▸ **PROBLEM DETAILS**: Could you retype exactly the lines below between the one holding "9.服务关联:可设置服务人员" and the one holding "사과초모식초의 핵심 성분인", inclusive, leaving out any pictures?

START DATASET EXTRACT

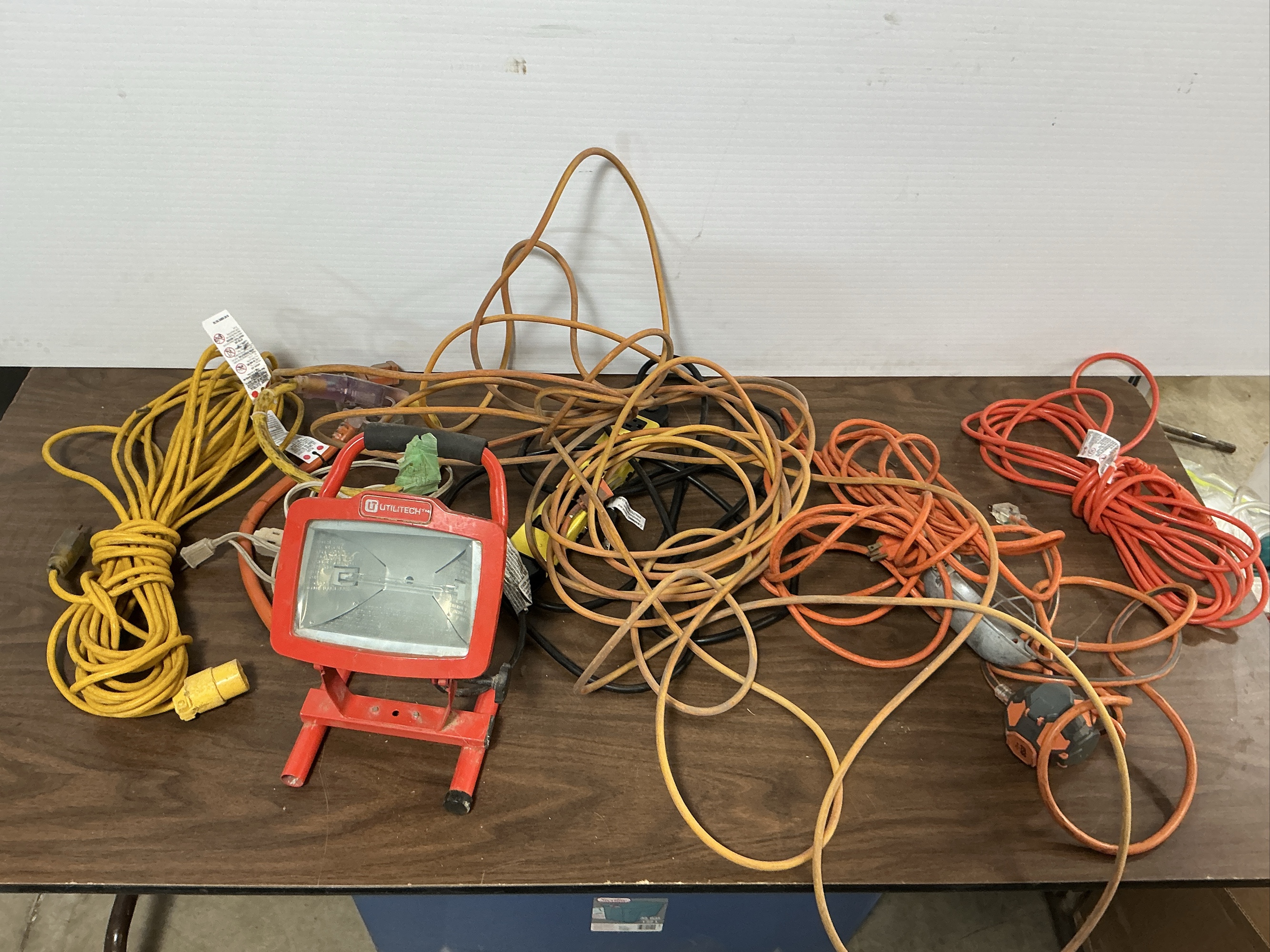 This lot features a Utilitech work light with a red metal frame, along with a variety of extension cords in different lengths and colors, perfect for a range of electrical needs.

END DATASET EXTRACT
START DATASET EXTRACT

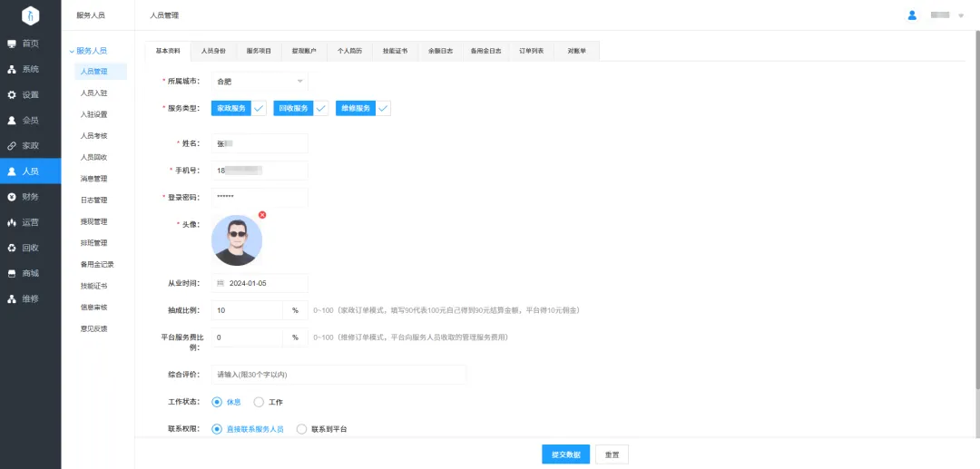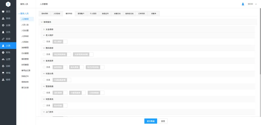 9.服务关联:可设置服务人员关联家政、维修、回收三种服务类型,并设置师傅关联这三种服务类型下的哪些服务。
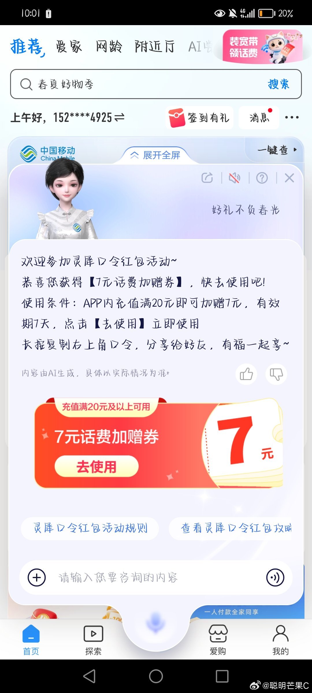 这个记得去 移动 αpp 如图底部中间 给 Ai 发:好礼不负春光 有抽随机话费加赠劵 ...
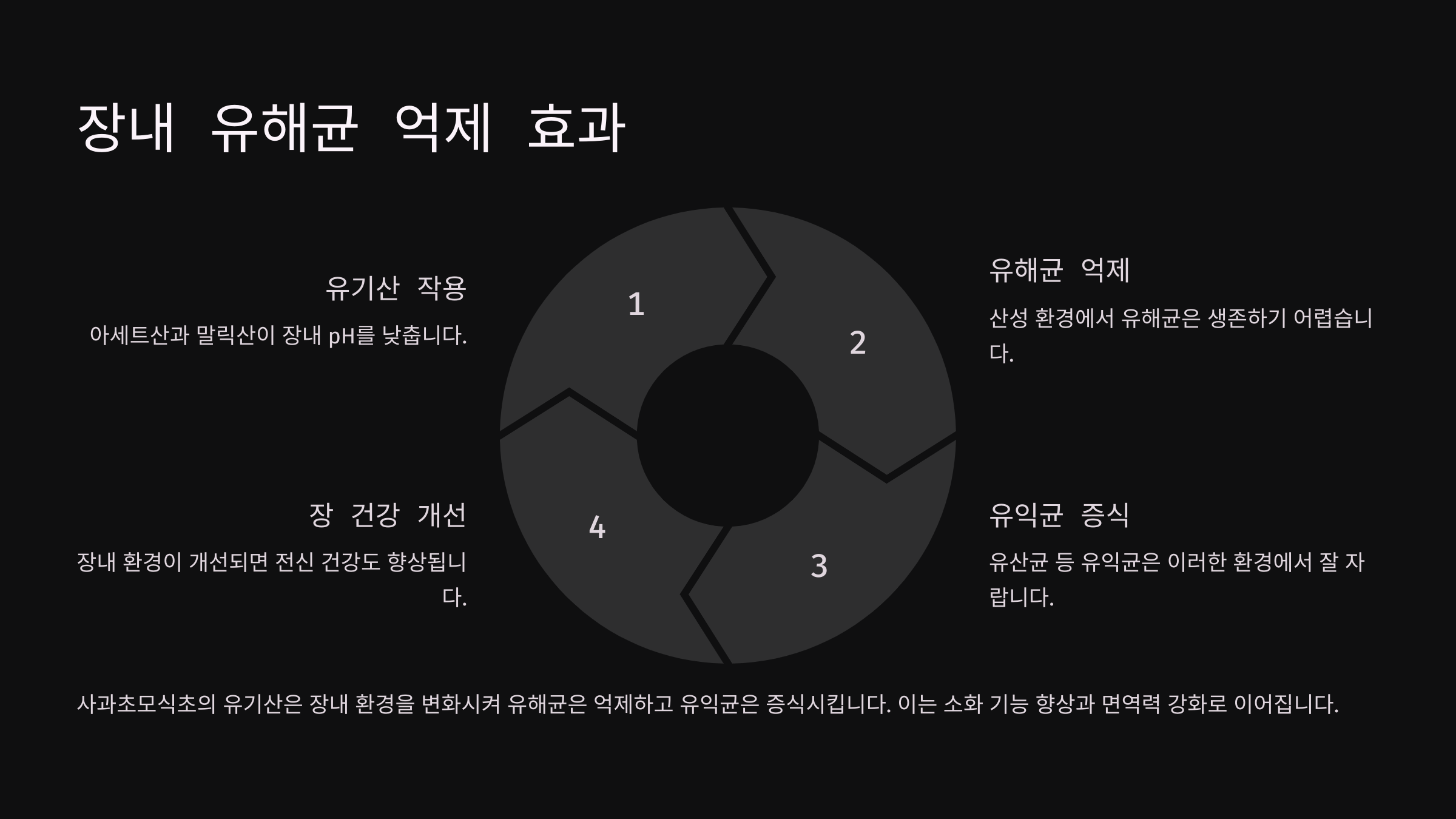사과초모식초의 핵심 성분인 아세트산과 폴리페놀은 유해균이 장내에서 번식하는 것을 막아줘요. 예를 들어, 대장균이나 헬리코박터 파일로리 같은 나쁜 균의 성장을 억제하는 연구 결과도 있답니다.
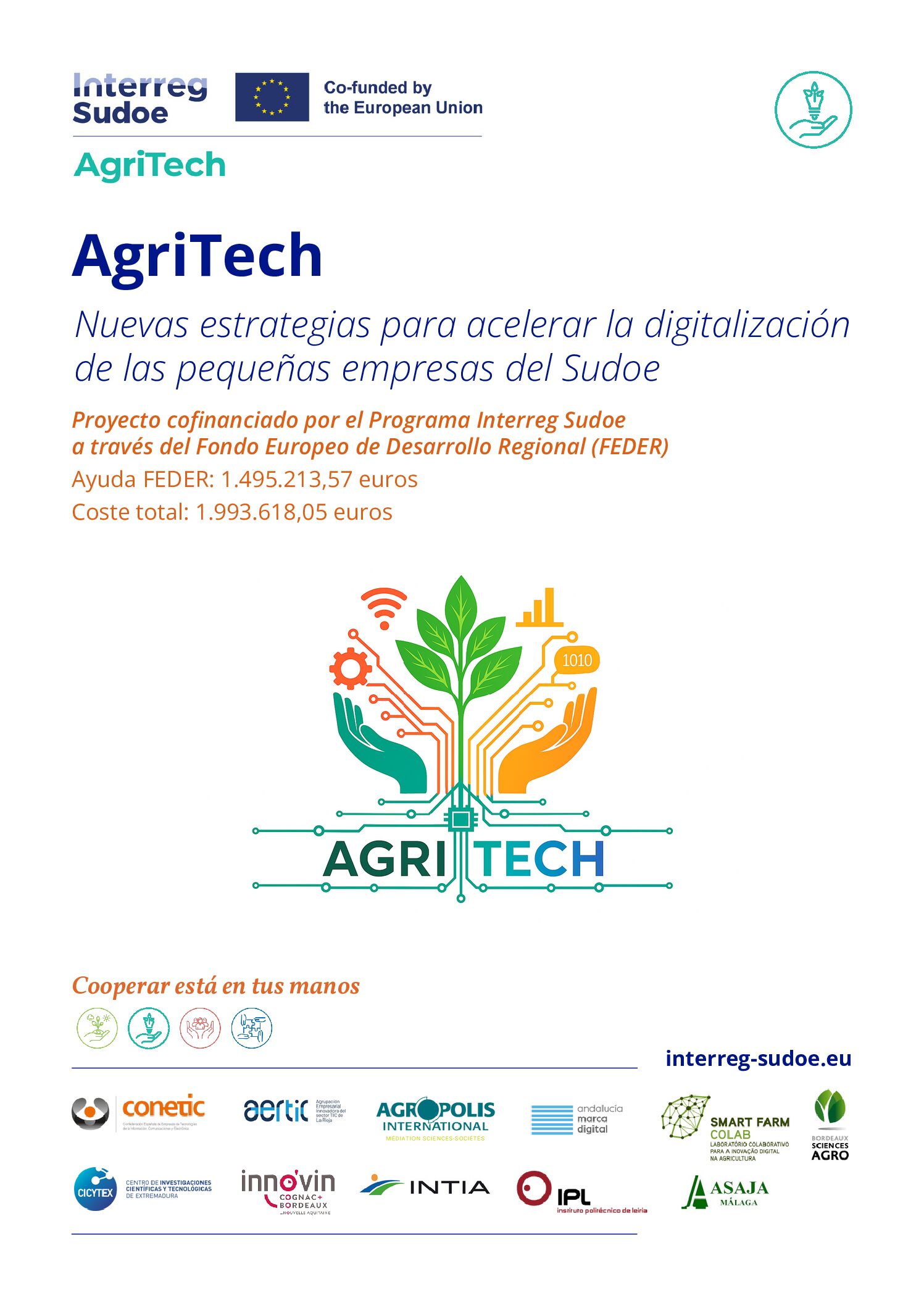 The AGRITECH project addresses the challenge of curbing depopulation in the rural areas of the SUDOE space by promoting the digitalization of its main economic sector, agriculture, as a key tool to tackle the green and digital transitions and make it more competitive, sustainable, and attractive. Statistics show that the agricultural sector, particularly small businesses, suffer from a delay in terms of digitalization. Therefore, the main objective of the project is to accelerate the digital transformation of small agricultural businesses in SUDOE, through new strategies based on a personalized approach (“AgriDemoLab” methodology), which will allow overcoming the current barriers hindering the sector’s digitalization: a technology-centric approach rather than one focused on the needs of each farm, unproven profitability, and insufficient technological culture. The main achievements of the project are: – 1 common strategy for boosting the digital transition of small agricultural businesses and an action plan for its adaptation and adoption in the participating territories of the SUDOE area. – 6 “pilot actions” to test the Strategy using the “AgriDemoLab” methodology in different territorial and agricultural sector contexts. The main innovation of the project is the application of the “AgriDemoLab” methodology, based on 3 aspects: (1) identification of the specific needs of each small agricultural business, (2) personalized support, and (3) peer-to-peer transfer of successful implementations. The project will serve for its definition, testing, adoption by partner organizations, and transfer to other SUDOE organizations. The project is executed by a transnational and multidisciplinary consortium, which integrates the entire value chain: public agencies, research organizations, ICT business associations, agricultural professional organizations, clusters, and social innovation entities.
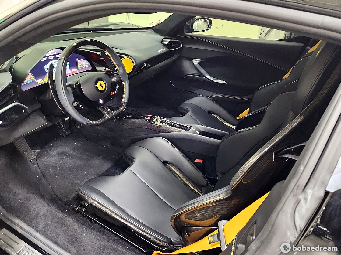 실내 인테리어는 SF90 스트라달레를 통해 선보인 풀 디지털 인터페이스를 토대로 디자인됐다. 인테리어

END DATASET EXTRACT

▸ **REPLY TO THE EXERCISE**:
 9.服务关联:可设置服务人员关联家政、维修、回收三种服务类型,并设置师傅关联这三种服务类型下的哪些服务。
 这个记得去 移动 αpp 如图底部中间 给 Ai 发:好礼不负春光 有抽随机话费加赠劵 ...
사과초모식초의 핵심 성분인 아세트산과 폴리페놀은 유해균이 장내에서 번식하는 것을 막아줘요. 예를 들어, 대장균이나 헬리코박터 파일로리 같은 나쁜 균의 성장을 억제하는 연구 결과도 있답니다.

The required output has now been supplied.